Eurozone officials have spent the last four years building a financial buffer big enough to cope with a Greek exit. Ever since 2010 when Athens found itself unable to refinance its foreign loans and asked for a €120bn bailout, Brussels has sought to prevent another collapse and repeat of the crisis that swamped all ideas of recovery.

Today a Grexit would weaken German and French banks, and cost the German government up to €77bn and the International Monetary Fund a slug of its loans, but would be unlikely to frighten global markets or undermine the 14-year-old currency bloc.

In the last few weeks eurozone government bonds, which reflect the stability of a country’s finances, have remained steady while the leftist Syriza party’s polling has jumped.

In part, analysts say the €440bn European Financial Stability Facility (EFSF) amassed by Brussels is a big enough buffer. They have also scrutinised Syriza’s stance and reasoned that leader, Alex Tsipras, has given himself enough wriggle room to soften his previously hardline stance.

Still, there are fears that the binding that holds the eurozone together will be loosened, especially if Greece is allowed to default while remaining inside the zone.

The Bruegal Institute in Brussels is not the only thinktank to believe the estimated €250bn cost of a Grexit, while covered by the bailout funds, would cripple the eurozone and delay recovery for a decade.

Zsolt Darvas, one of the institute’s economists said: “I am convinced that Greece will need new funding from European partners, but its volume should be a few dozen billion euros, say €20bn-€30bn.

“Compare the inconveniences of these additional funds to the losses on the existing approximate €250bn share of official lenders in Greek public debt (Greek Loan Facility, EFSF loans, International Monetary Fund loans, money owed to the European Central Bank and national central bank holdings of Greek bonds) and on various kinds of European Central Bank claims on Greece in the case of a Grexit.”

Darvas said Greek loans can be extended to help Athens delay payments and use the money for reconstruction.

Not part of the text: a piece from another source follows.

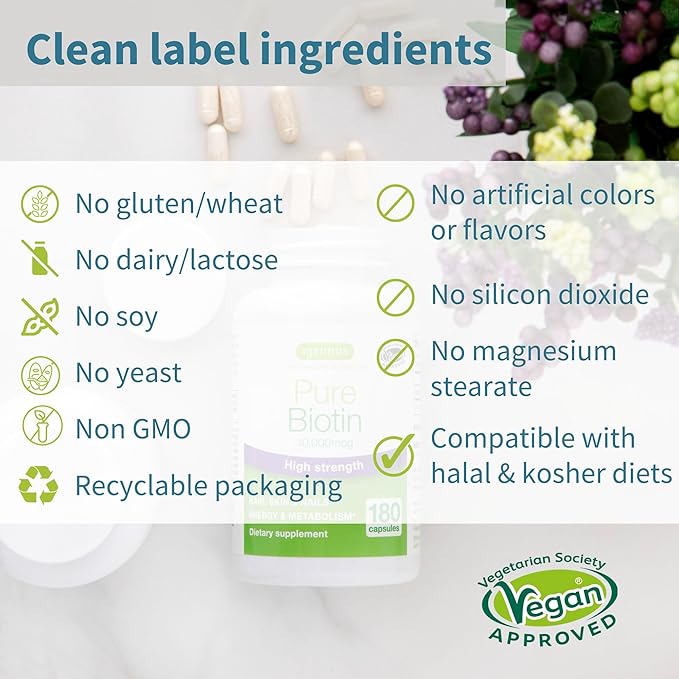 - MAXIMUM POTENCY & EFFECTIVE DOSE - Pure Biotin is expertly formulated to raise biotin levels with an effective daily dose of 10,000 mcg D-Biotin (vitamin B7)*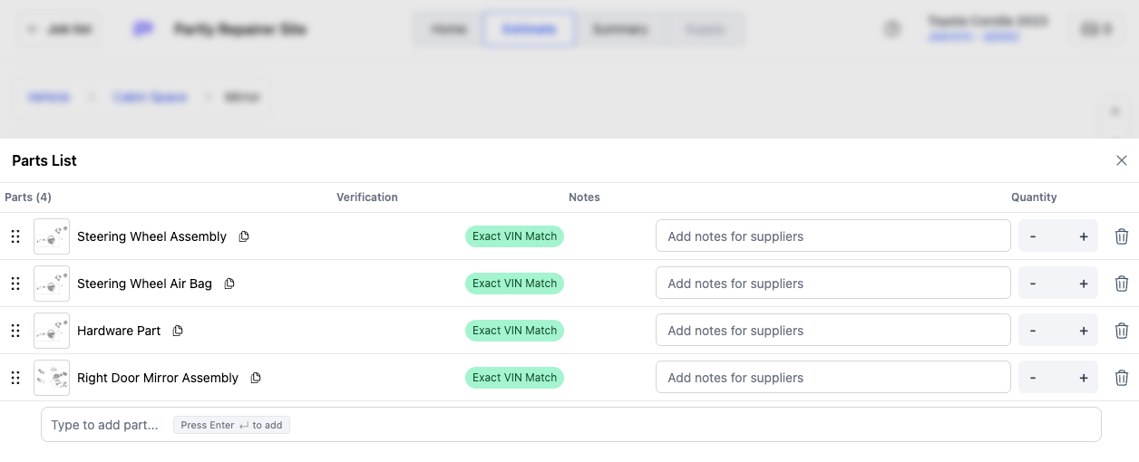 - There is also a part addition bar just below your chosen parts, here you can enter any part, even if it isn't in the Partly Catalogue to send to your supplier.

Joachim Poss, the German Social Democratic party’s deputy finance spokesman in the German parliament, said earlier this month the total was unaffordable. “Europe as a whole would pick up a very, very large bill and Germany the biggest part – let there be no mistake,” he said, concluding: “Europe can’t afford a Greek exit.”

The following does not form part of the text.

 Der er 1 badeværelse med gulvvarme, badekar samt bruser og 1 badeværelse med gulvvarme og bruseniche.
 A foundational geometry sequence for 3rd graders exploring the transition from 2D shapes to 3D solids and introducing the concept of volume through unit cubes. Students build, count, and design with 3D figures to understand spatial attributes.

The Ifo Munich-based thinktank has chalked up losses to Germany of at least €77bn. President Hans-Werner Sinn, known for backing German business interests, said it was folly to be blackmailed by Tsipras and that it would be better to let Greece depart. He said the losses from a Grexit would be less than continued membership with endless loans and debt forgiveness, though his preference was for a debt conference that found a way to delay payments.

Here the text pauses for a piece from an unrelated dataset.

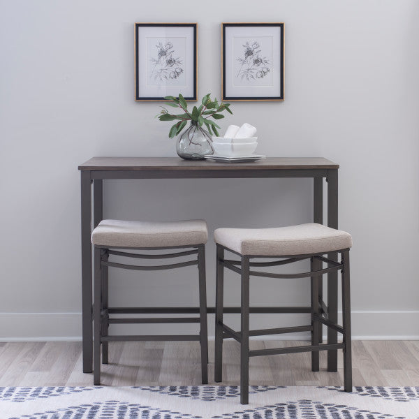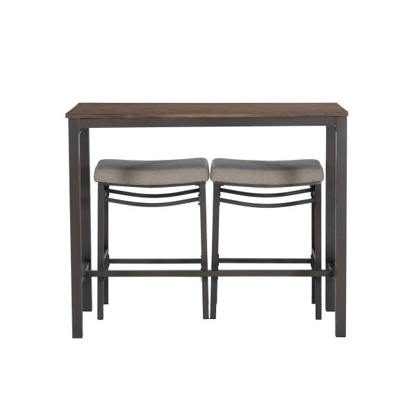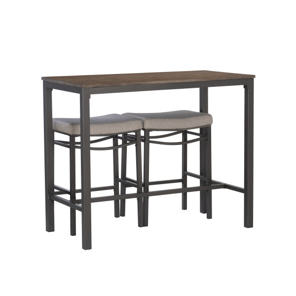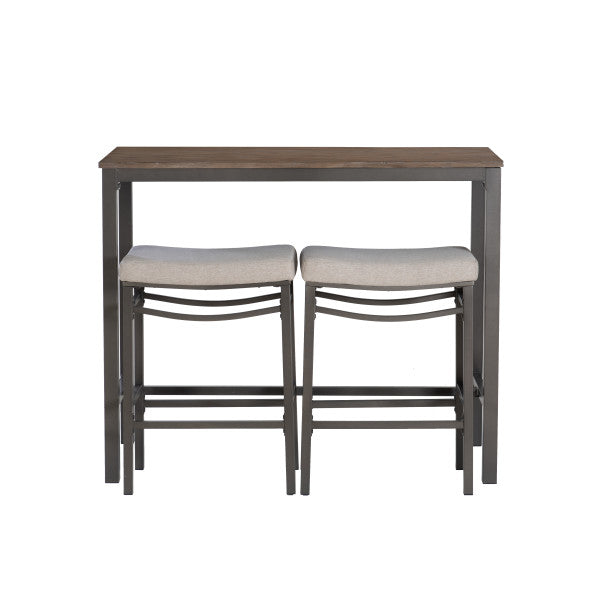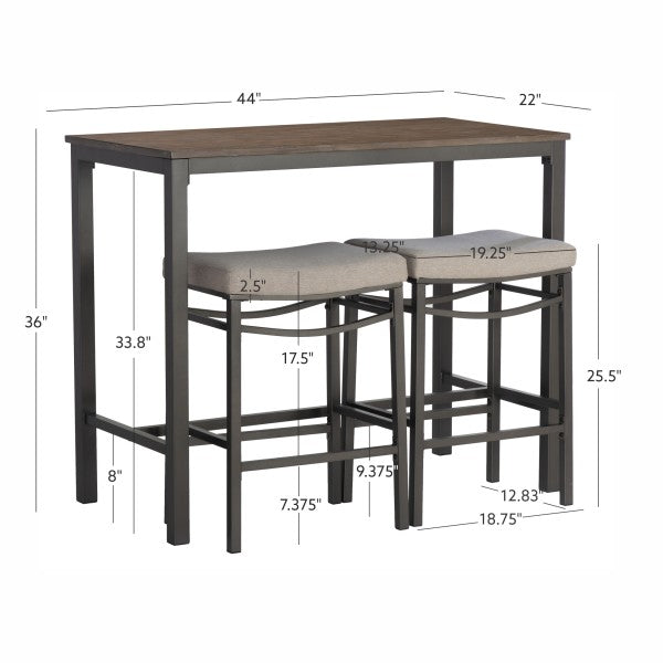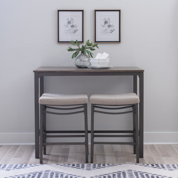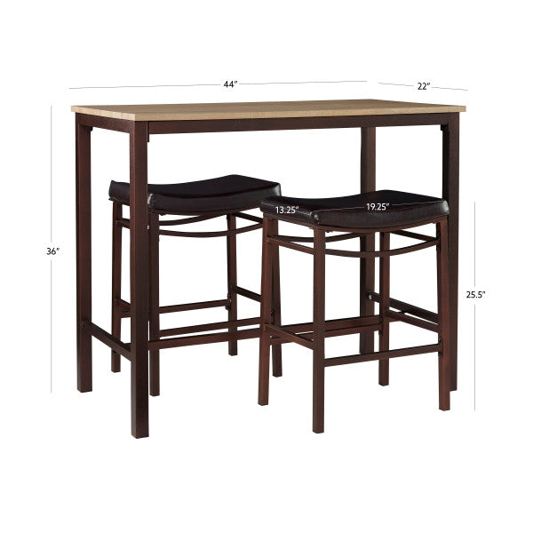 - Cet ensemble de trois pièces comprend une table et deux tabourets.

Tsipras wants Athens to be forgiven some debts to cut the cost of repayments. This would allow Greece a partial default while staying inside the euro. Brussels has said this is naive politics, if only because Ireland and Portugal, which also have mountainous debts with the EU, would ask for the same. A default that involves leaving the eurozone could wipe out 100% of Athens’ debts with EU governments, but still leave sizeable private sector debts without any access to funds other than taxes paid to the Greek exchequer.

An end to austerity is the promise Syriza offers voters, either through debt forgiveness inside the euro or a debt free life outside. However, the ailing Greek economy, which is suffering from an unemployment level twice as high as it was in May 2010 and industrial production 30% below to its pre-crisis level, has few ways to generate income without the EU’s support.

A newly minted drachma would be low enough to attract holidaymakers, but without the investment in new hotels, the industry could barely cope. Likewise, investment in new industries would be unlikely unless Tsipras can honour his pledge to root out corruption, something that has eluded the right-wing New Democracy party. Maybe the IMF would offer its support, but like the EU’s funds, the IMF’s come with more austerity.